━━ Available data
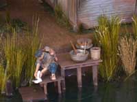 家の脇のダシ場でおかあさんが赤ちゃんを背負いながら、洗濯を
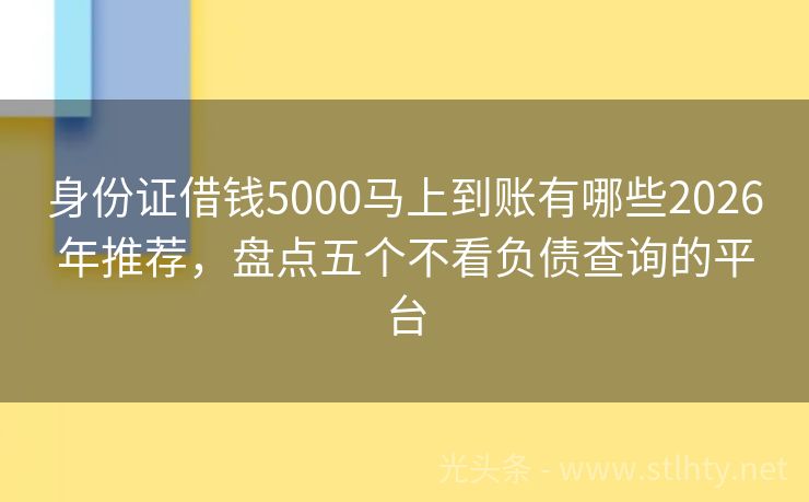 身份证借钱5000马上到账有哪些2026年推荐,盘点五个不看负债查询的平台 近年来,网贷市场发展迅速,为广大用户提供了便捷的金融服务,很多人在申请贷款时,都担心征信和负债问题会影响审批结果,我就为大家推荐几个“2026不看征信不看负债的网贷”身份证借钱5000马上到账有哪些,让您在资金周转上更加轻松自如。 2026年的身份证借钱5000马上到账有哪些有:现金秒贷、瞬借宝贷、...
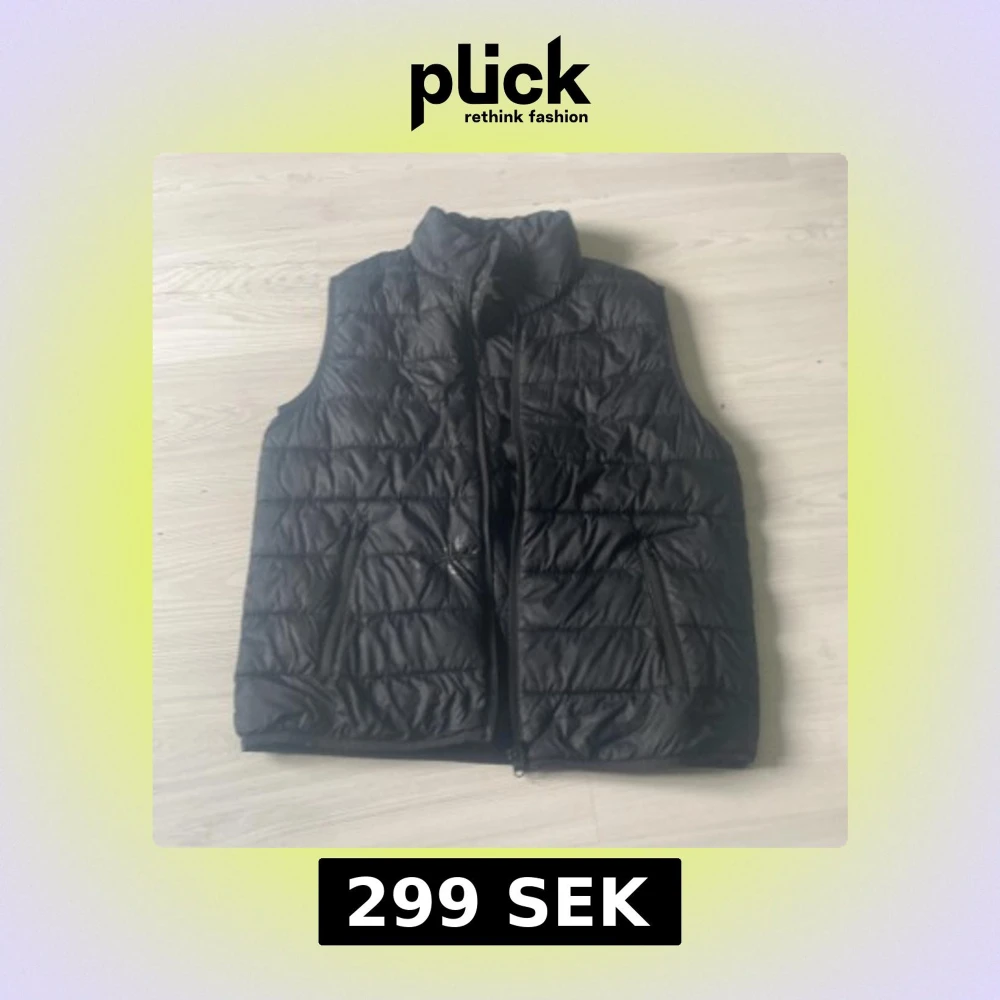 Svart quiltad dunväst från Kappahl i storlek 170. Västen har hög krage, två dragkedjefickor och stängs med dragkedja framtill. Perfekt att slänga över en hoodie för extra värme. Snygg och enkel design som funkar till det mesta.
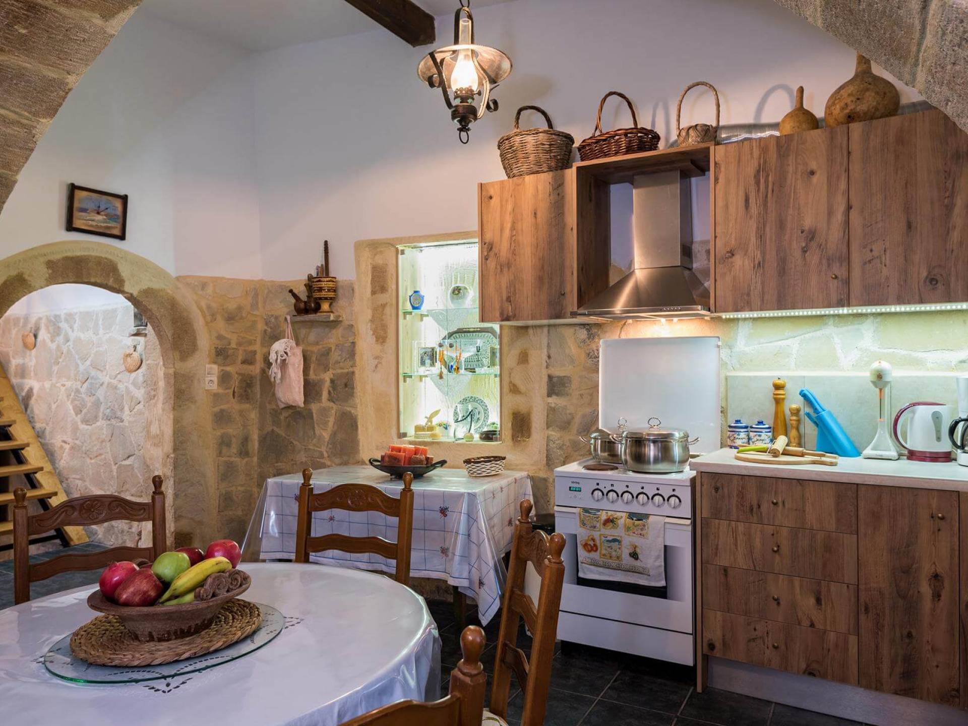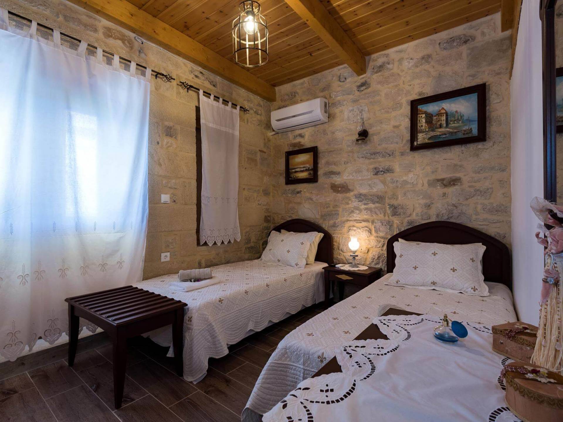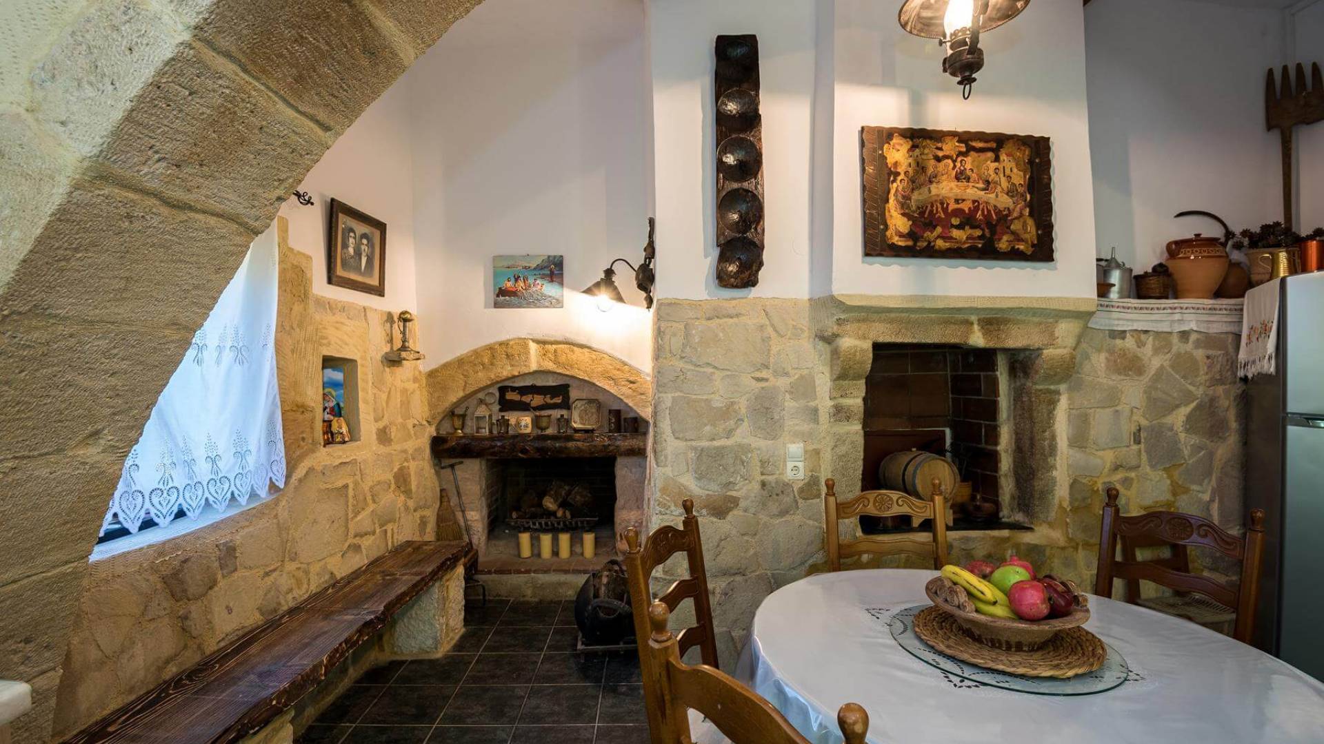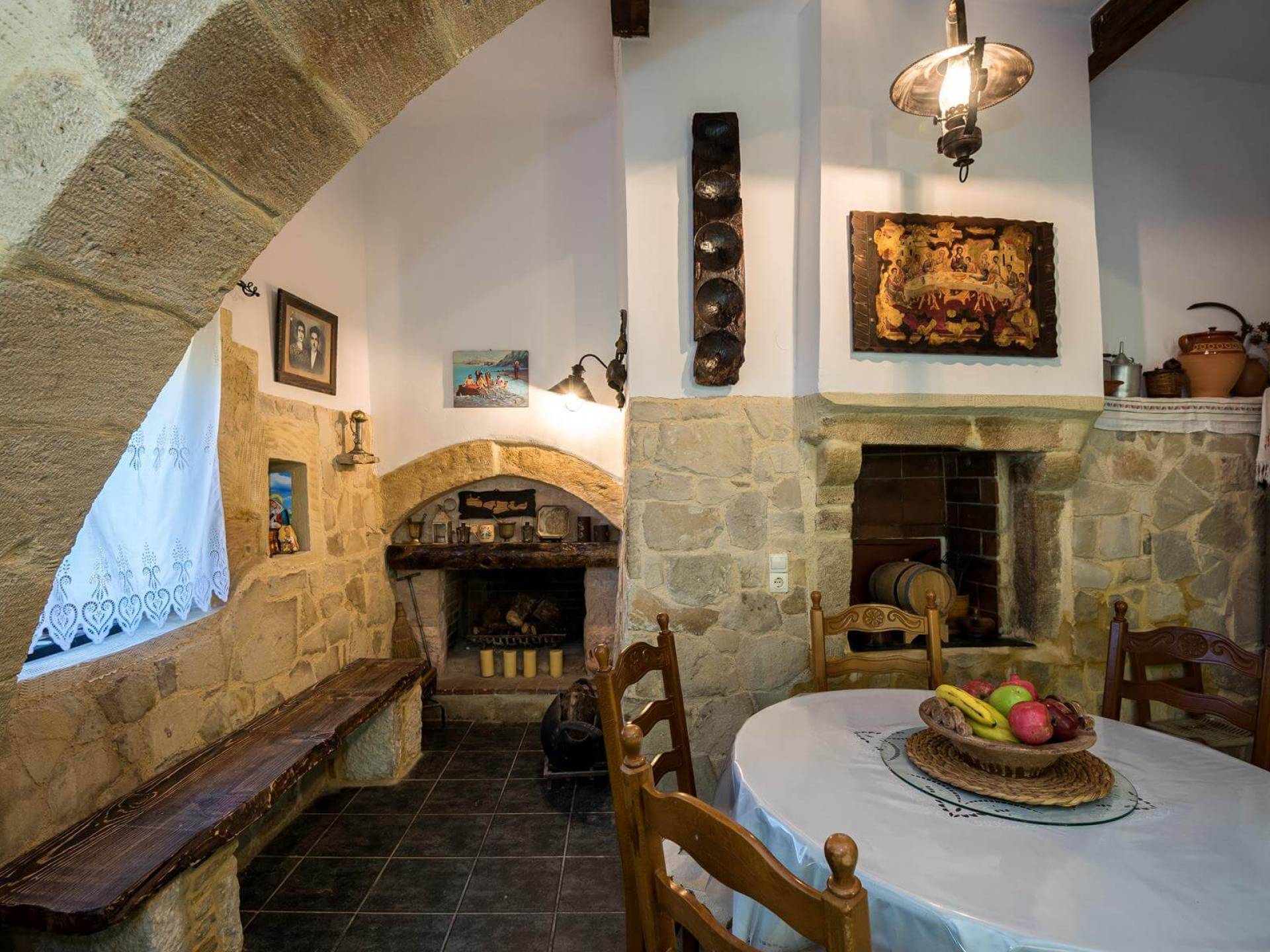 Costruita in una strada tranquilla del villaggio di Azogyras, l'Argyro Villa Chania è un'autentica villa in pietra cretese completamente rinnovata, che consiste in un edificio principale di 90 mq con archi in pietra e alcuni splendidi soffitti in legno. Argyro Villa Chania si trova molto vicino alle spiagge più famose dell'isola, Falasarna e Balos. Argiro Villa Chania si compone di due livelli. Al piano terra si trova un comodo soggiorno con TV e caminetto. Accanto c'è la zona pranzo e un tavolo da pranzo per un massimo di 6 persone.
━━━━
[The task]:
Every line above has to be output exactly; the pictures must be dropped.

[Result for this task]:
 家の脇のダシ場でおかあさんが赤ちゃんを背負いながら、洗濯を
 身份证借钱5000马上到账有哪些2026年推荐,盘点五个不看负债查询的平台 近年来,网贷市场发展迅速,为广大用户提供了便捷的金融服务,很多人在申请贷款时,都担心征信和负债问题会影响审批结果,我就为大家推荐几个“2026不看征信不看负债的网贷”身份证借钱5000马上到账有哪些,让您在资金周转上更加轻松自如。 2026年的身份证借钱5000马上到账有哪些有:现金秒贷、瞬借宝贷、...
 Svart quiltad dunväst från Kappahl i storlek 170. Västen har hög krage, två dragkedjefickor och stängs med dragkedja framtill. Perfekt att slänga över en hoodie för extra värme. Snygg och enkel design som funkar till det mesta.
 Costruita in una strada tranquilla del villaggio di Azogyras, l'Argyro Villa Chania è un'autentica villa in pietra cretese completamente rinnovata, che consiste in un edificio principale di 90 mq con archi in pietra e alcuni splendidi soffitti in legno. Argyro Villa Chania si trova molto vicino alle spiagge più famose dell'isola, Falasarna e Balos. Argiro Villa Chania si compone di due livelli. Al piano terra si trova un comodo soggiorno con TV e caminetto. Accanto c'è la zona pranzo e un tavolo da pranzo per un massimo di 6 persone.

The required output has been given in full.